The impact was more profound on commercial vehicle oil volumes (40 per cent or more of the total volumes). Though the company still managed to register growth in the personal mobility segment, power brands and the industrial segment, it was not enough to prevent total revenues from operations declining 10 per cent over a year.
A ~6 per litre fall in realisations attributed to discounts the company gave, according to analysts to liquidate stocks, too, played spoilsport on profitability. This, coupled with lower revenue and volatility in base oil prices (a key input) led to a 33 per cent over a year and three per cent sequential decline in earnings before interest, tax, depreciation and amortisation (Ebitda) to ~209.5 crore. The Ebitda margins at 24.1 per cent came significantly lower than the 29.8 per cent it logged in the previous quarter and 32.5 per cent a year ago. Analysts at Motilal Oswal Securities had anticipated margins of 31.1 per cent. The base oil prices had increased in the March quarter but input costs pressure is felt with a lag of one quarter, and this impacted margins in the June quarter, say analysts. The per litre gross profit margins (the profit after accounting for raw material costs) fell from ~96 to ~86 sequentially, highlight analysts at HSBC. With operating performance under pressure, profit at ~138 crore was down 33 per cent over a year.
With a soft first half, the earnings estimates are bound to see some cuts. The company, however, is doing its bit to push up volumes and improve its market share and has renewed its distribution agreement with Essar Oil for the sale of Castrol lubricants through Essar’s retail network. It has also launched its new product, Castrol Hysol XBB, in the industrial lubricant segment. Further, with GST-led de-stocking behind, volumes should improve.
On margins, if costs remain stable, analysts believe profitability may improve, as the industry should take price hikes to some extent in the next two quarters.

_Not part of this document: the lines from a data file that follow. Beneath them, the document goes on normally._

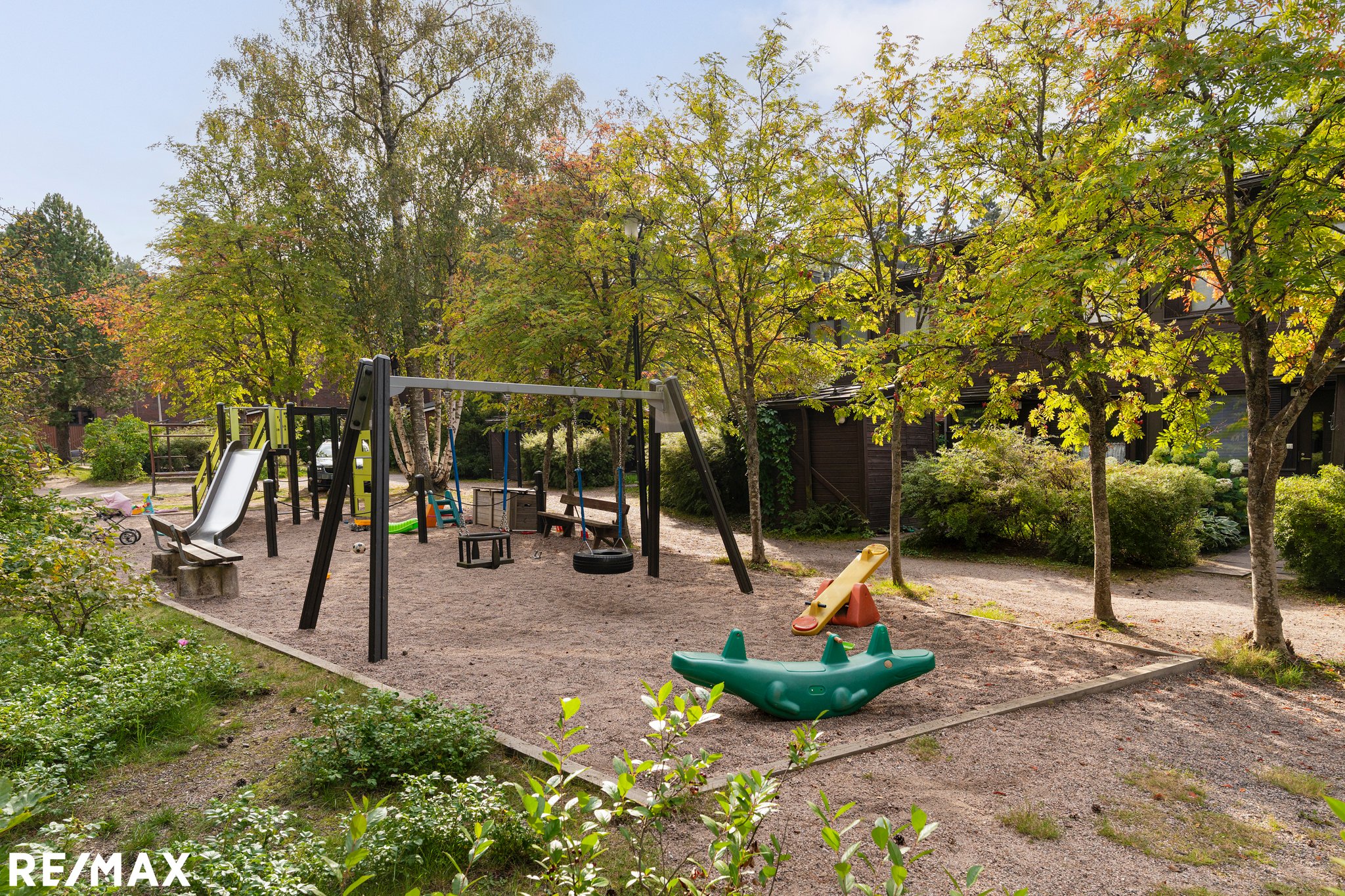 Etupihan edustalla on lasten leikkipaikka, joka tekee tästä kodista erityisen houkuttelevan lapsiperheille.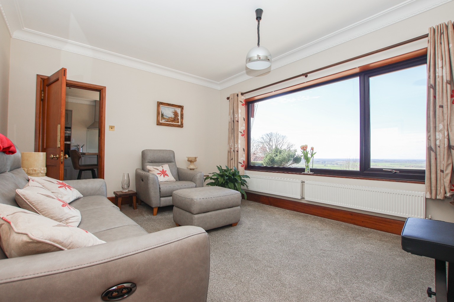 A further reception room, currently utilised as a snug, provides a cosy yet versatile space, again benefitting from those uninterrupted views, ideal as a second sitting room, reading space or family retreat.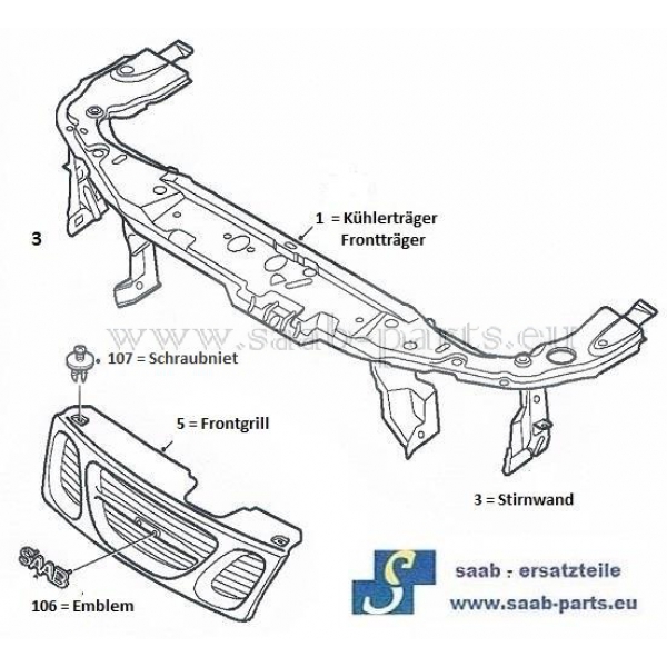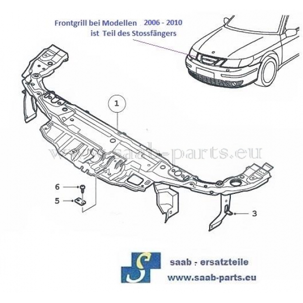 Trager 2006 2010 Saab Parts 9 5 1998 2010 Karosserie Fronttrager Frontgrill 2006 2010 In Stossfangermantel 300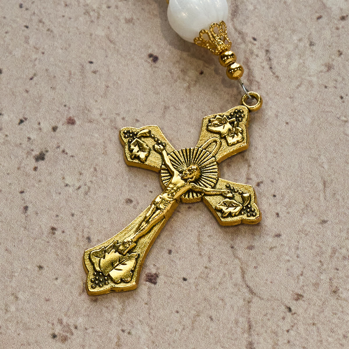 Il dettagliato crocifisso dorato proclama il sacrificio di Cristo, ancorando la tua devozione e approfondendo la riflessione sulla salvezza con ogni perla. - Perline lisce per il ritmo della preghiera

However, concerns of these price hikes, by Castrol especially, carry the risk of market share loss, say analysts at HSBC. The Street will, thus, be watching closely all these developments, including the trend in margins and volumes.
While Castrol’s superior balance sheet and cash flows are comforting, the stock is already trading at 25.8-27.8 times its 2018 earnings estimates, according to Motilal Oswal and HSBC. Thus, for significant upside to the stock trading at ~391 levels, profitability improvement and market share gains are crucial.